Splunk software enables you to collect data and easily search it, looking for patterns, optimizations, and opportunities that can help your organization or business succeed. Gathering data is essential for just about any use case you pursue with the Splunk platform, but it's important to remember that there are people on the other side of the data that you collect.
Protecting privacy is important for everyone, but when you collect data it's even more important. Thankfully, with Splunk software, it's easy to protect privacy when you're collecting data.
If you promise to protect the personal information of people that you collect data about, you have a responsibility to protect their privacy. If you're dealing with data about consumers, the FTC enforces that responsibility but even when there is no legal or financial motive for protecting user privacy, it's just a good idea.

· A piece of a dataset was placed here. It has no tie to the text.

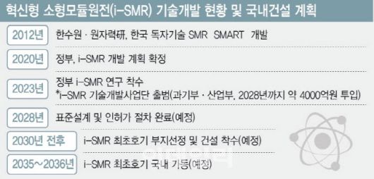 우리나라도 한국수력원자력(한수원)을 중심으로 오랜 기간 연구한 끝에 독자 기술을 개발해 왔다. 지난 2020년부터는 정부 차원에서 2028년 개발 완료를 목표로 약 4000억원을 투입하는 혁신형 SMR(i-SMR) 개발에 착수했다.

The best way to protect privacy is to collect only the data you need about people. The more data you collect about people, the less easily you can protect their privacy. Make sure there is a clear business case for collecting data before adding it to the Splunk platform. If you understand why you are adding data to the Splunk platform, and what insights you want to get out of it, you can more easily protect privacy at the same time.
If you still want to collect data about users and have a good business case for doing so, take precautions to protect privacy in several different ways:
- Anonymize the data that you collect. Make it hard to identify the people behind the data to protect the privacy of the people whose information is added to the Splunk platform. See Anonymize data for some ways to anonymize data when you add it to the Splunk platform.
- Keep data only as long as you need it. Set index retention policies, and don't keep sensitive or potentially identifiable information for longer than you need it. See Set a retirement and archiving policy to learn more about the attributes involved in index retention.
- Control access to data. Limit who can access data about people to those that have a business need to know that information. Keep track of who has access and periodically validate that those with access still need it. You can control access in Splunk software using capabilities, restricting access to specific indexes, search filters, and more. See Use access control to secure Splunk data.
- Encrypt everything. If you're sending valuable data to Splunk software, make sure no one can eavesdrop on it while you're sending it. Consider encrypting the data after it reaches the Splunk indexers too, by using an encrypted file system. See About securing data from forwarders.
I was inspired to write this post after attending a panel by the Electronic Frontier Foundation (EFF) about how to protect your privacy as a consumer or as a provider of consumer-used software. Thanks to Amul and Erica at the EFF. I also recently read The Circle by Dave Eggers, which reminded me of the importance of protecting privacy when it comes to big data.